What does the "window hypothesis" postulate about the use of beta-blockers in patients with cirrhosis?
Non-selective beta-blockers reduce portal pressures and are used in the primary and secondary prophylaxis of variceal hemorrhage. However, various studies caution the use of beta-blockers in situations such as decompensated cirrhosis with refractory ascites, spontaneous bacterial peritonitis, and severe alcoholic hepatitis. These studies led to the “window hypothesis,” which postulates that beta-blockers are associated with higher rates of survival only within a clinical window. In patients who have early cirrhosis without moderate-to-large varices, beta-blockers do not prevent the development of varices and also result in adverse effects. The clinical window opens when moderate-to-large esophageal varices develop, with or without variceal bleeding, and beta-blockers are indicated for primary and secondary prophylaxis of variceal bleeding. Increasingly, evidence suggests that the clinical window for beta-blockers closes and that they are no longer effective when refractory ascites, hypotension, the hepatorenal syndrome, spontaneous bacterial peritonitis, sepsis, or severe alcoholic hepatitis develops, owing to unfavorable hemodynamic effects in advanced cirrhosis.
The “window hypothesis” postulates that beta-blockers increase the survival rate only within a clinical window. In patients who have early cirrhosis without moderate-to-large varices, beta-blockers do not prevent the development of varices and may result in adverse effects. The clinical window for beta-blockers opens when patients have moderate-to-large esophageal varices with or without variceal bleeding,and beta-blockers are indicated for primary and secondary prophylaxis of variceal bleeding. The clinical window for beta-blockers closes when patients have refractory ascites, hypotension, the hepatorenal syndrome, spontaneous bacterial peritonitis, or sepsis, owing to unfavorable hemodynamic effects in advanced cirrhosis. RAAS denotes renin-angiotensin-aldosterone system.
What are some guidelines regarding the use of antihypertensives in patients with cirrhosis?

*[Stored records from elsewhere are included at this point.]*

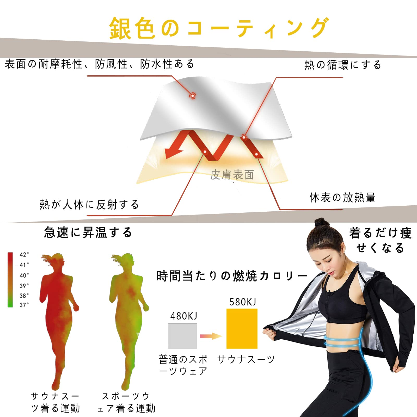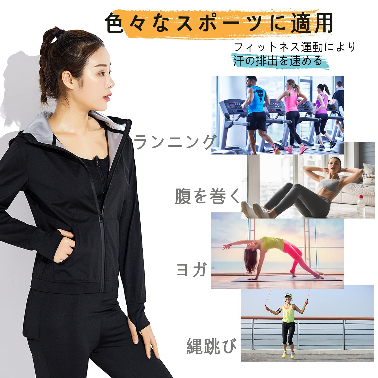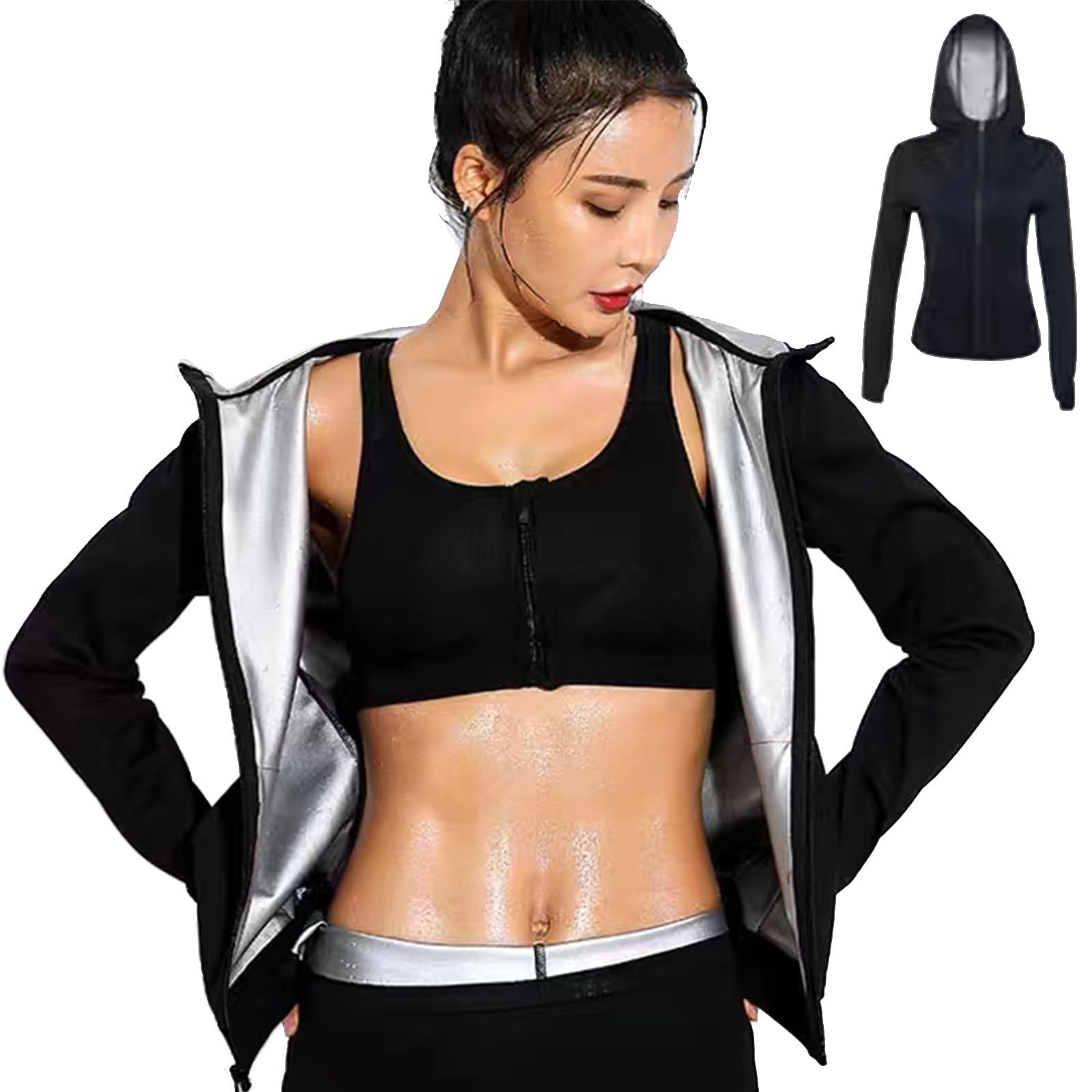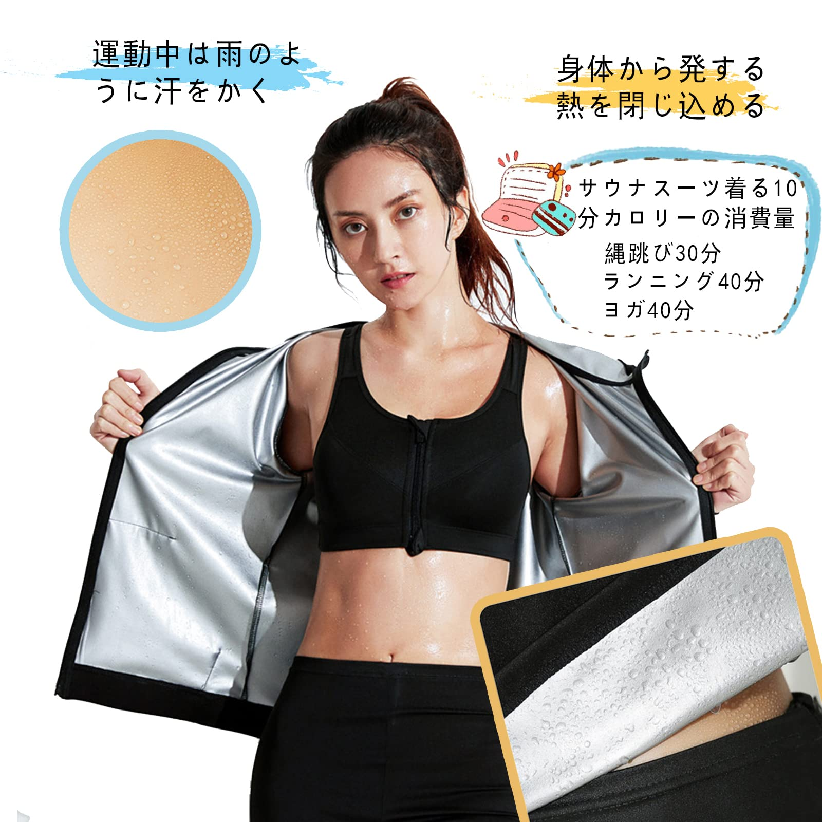 [Smato] サウナスーツ レディース パンツ 半袖 二の腕シェイパー ボディシェイパー 上着のみ 長袖 大きいサイズ 夏用 運動用 洗濯可 トレーニング 高発汗フィットネスウェア
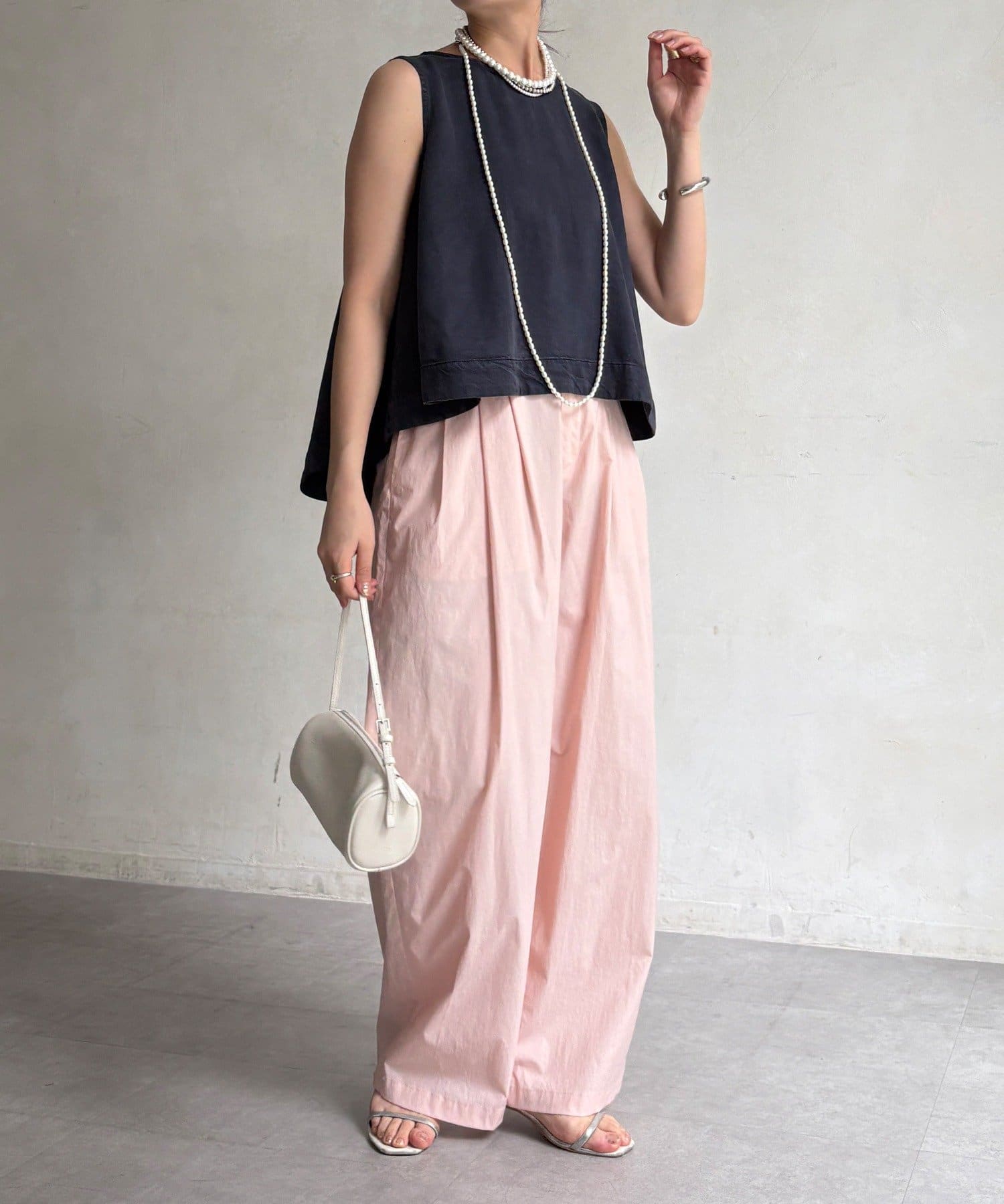 カジュアルながらも、リヨセル素材を使用した落ち感のある素材で上品さをアピール。
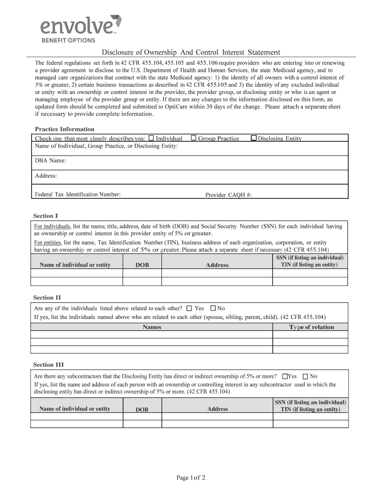 The Disclosure of Ownership and Control Interest Form is required of all contracted offices (one per tax
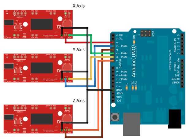 - En el controlador del eje X paso va al pin 2 y DIR va al pin 5
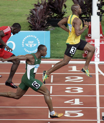 men's 100m final at the Commonwealth Games in Melbourne March 20, 2006. Silver
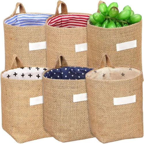 algodón lino - Material: nuestra bolsa de almacenamiento está hecha principalmente de material de lino de algodón que es estable de usar, y seguro al tacto, ligero, no te traerá carga adicional, se ve pequeña y exquisita, pero puede ayudarte a almacenar artículos y ahorrar espacios. - Capacidad adecuada: el tamaño es de 5.1 x 3.9 x 5.5 pulgadas, esta adorable canasta de almacenamiento puede soportar organizar muchos objetos pequeños, como cosméticos, llaves, niños, cuadernos, etc. Mantén tu escritorio en orden y limpio, por lo que puedes rápidamente lo que quieres con esta cesta de almacenamiento. - Efecto decorativo: cada bonita cesta de almacenamiento tiene un cordón para que puedas colocarla en la puerta o la pared, puede ser un soporte para ollas para macetas, lo que significa que puedes colocar las macetas en esta cesta de almacenamiento y hacer que las macetas varíen en variedad, creando un ambiente diferente y cálido en el hogar. - Bonito y pequeño trabajo ampliamente en el dormitorio, baño, cocina, sala de estar, etc. Especialmente se puede utilizar como un soporte para macetas, podría ir a la pared y hacer que tu habitación sea hermosa. - Esta cesta de almacenamiento es adecuada para organizar objetos pequeños como maquinillas de afeitar, maquillaje, cosméticos, herramientas, etc. Ahorra espacio: el almacenamiento es para un fácil almacenamiento.
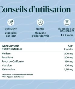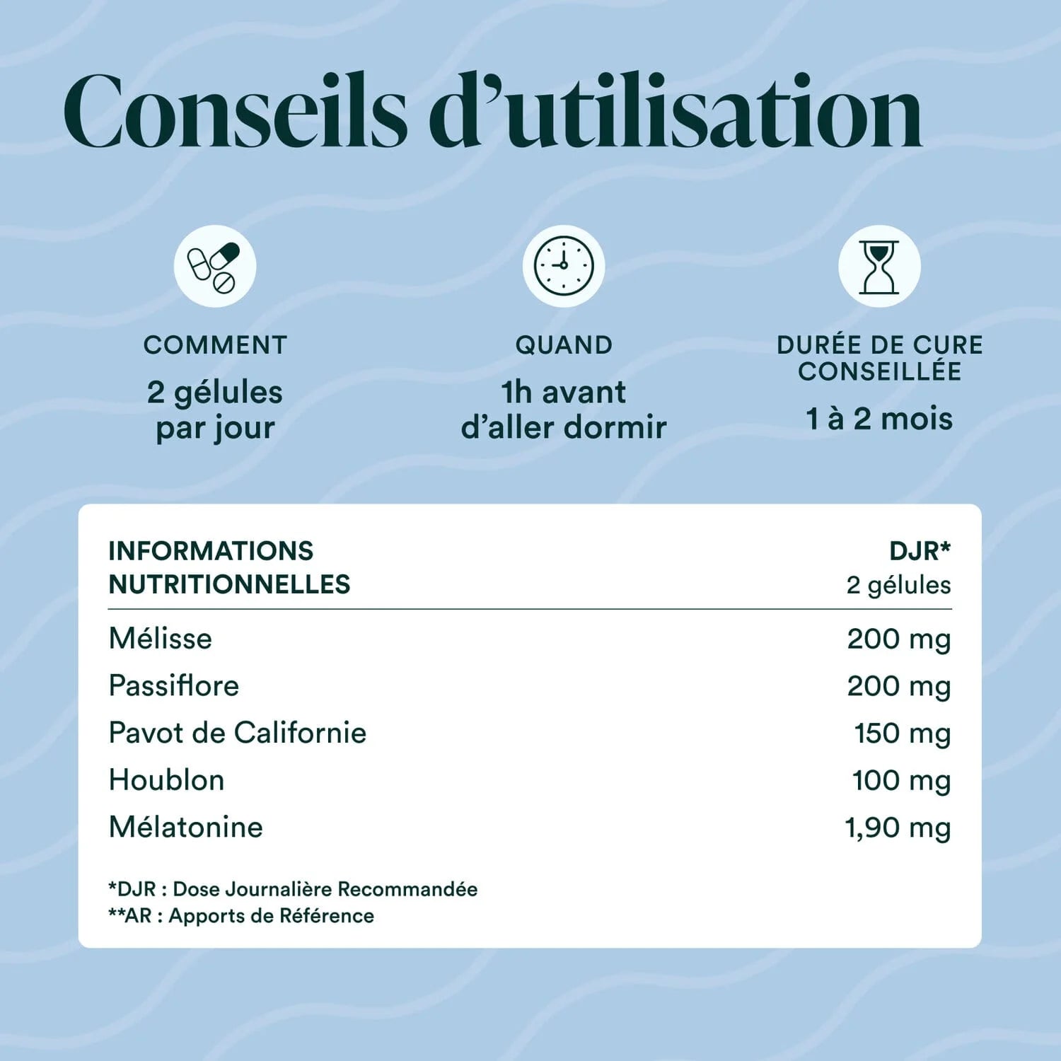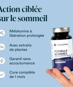 Complément alimentaire sommeil à base de mélatonine à libération prolongée Melotime™ et d’extraits de plantes sélectionnés avec soin pour leur action ciblée sur le sommeil.
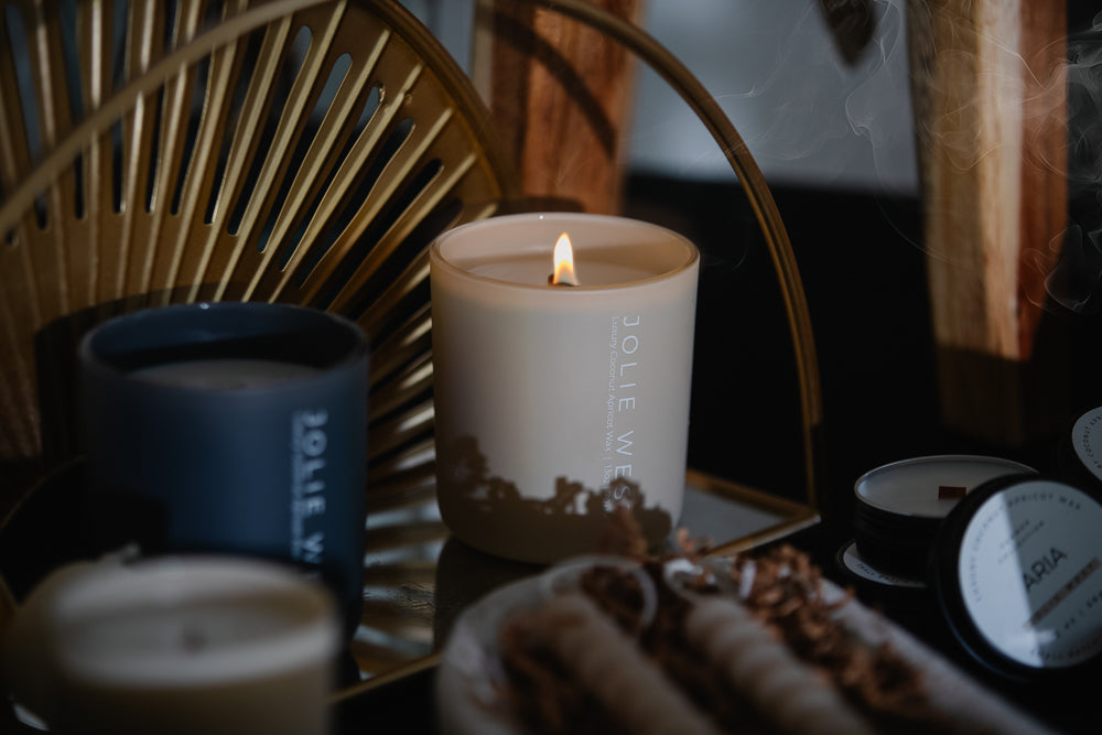 Most candles have a wax blend, most commonly you will see a soy-paraffin blend. Paraffin is the most widely used wax for a lot of candles because of it’s low cost and optimal scent throw (how much you smell both when the candle is lit and when it’s cool). Paraffin wax is derived from petroleum as a byproduct of the refining process and tends to cause more concerns in the long run. Therefore the thought of these candles being “clean” is a tad misleading. In an effort of Jolie West to carry as much clean products as we can, we went the route of coconut apricot wax!
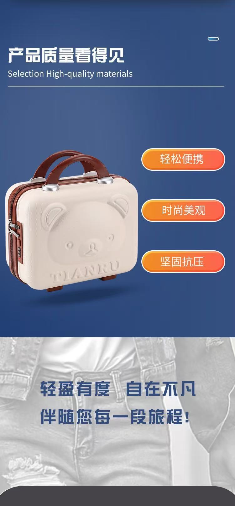 Factory Direct Sales Cute Cartoon Bear Cosmetic Bag Portable 14inch Suitcase Souvenir Suitcase Cosmetic Case
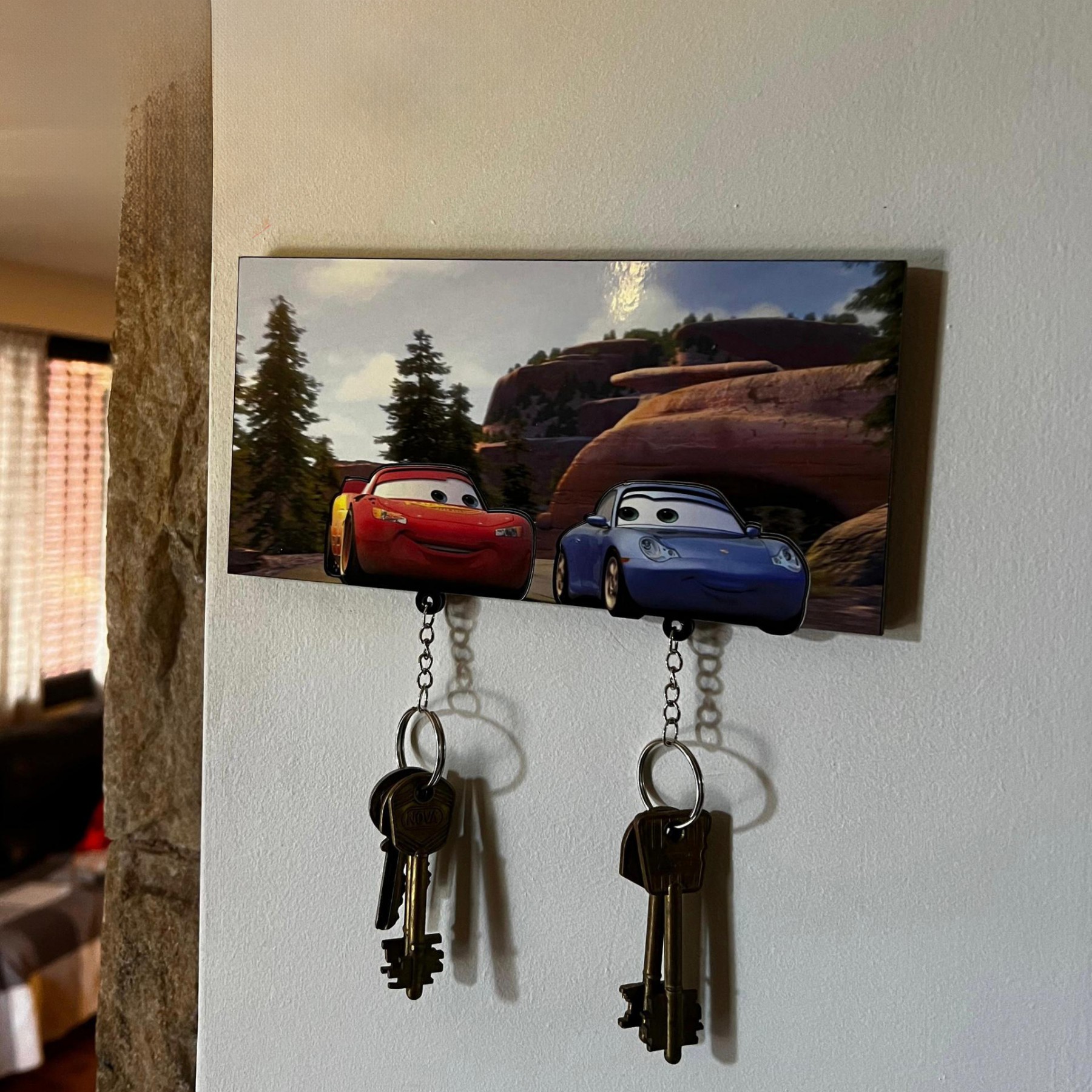 This keychain holder showcases a lovable cartoon couple illustration that represents togetherness and affection. With soft colors and playful details, it instantly brightens your entryway, bedroom, or office.

Patients with cirrhosis who have a history of hypertension gradually become normotensive and eventually hypotensive as cirrhosis progresses. Studies of blood pressure in patients with cirrhosis and ascites showed that a mean arterial pressure of 82 mm Hg or less was the single variable that was most strongly correlated with a reduced probability of survival. The probability of survival among patients with a mean arterial pressure of 82 mm Hg or less was 20% at 24 months and 0% at 48 months, as compared with 70% at 24 months and 50% at 48 months among patients with a mean arterial pressure of more than 82 mm Hg. In a similar study, hypotension with a cardiac index below 1.5 liters per minute per square meter of body-surface area predicted the development of the hepatorenal syndrome and decreased survival among patients with cirrhosis and ascites. Because of these hemodynamic changes, antihypertensive agents should be discontinued in patients who have decompensated cirrhosis with ascites or hypotension.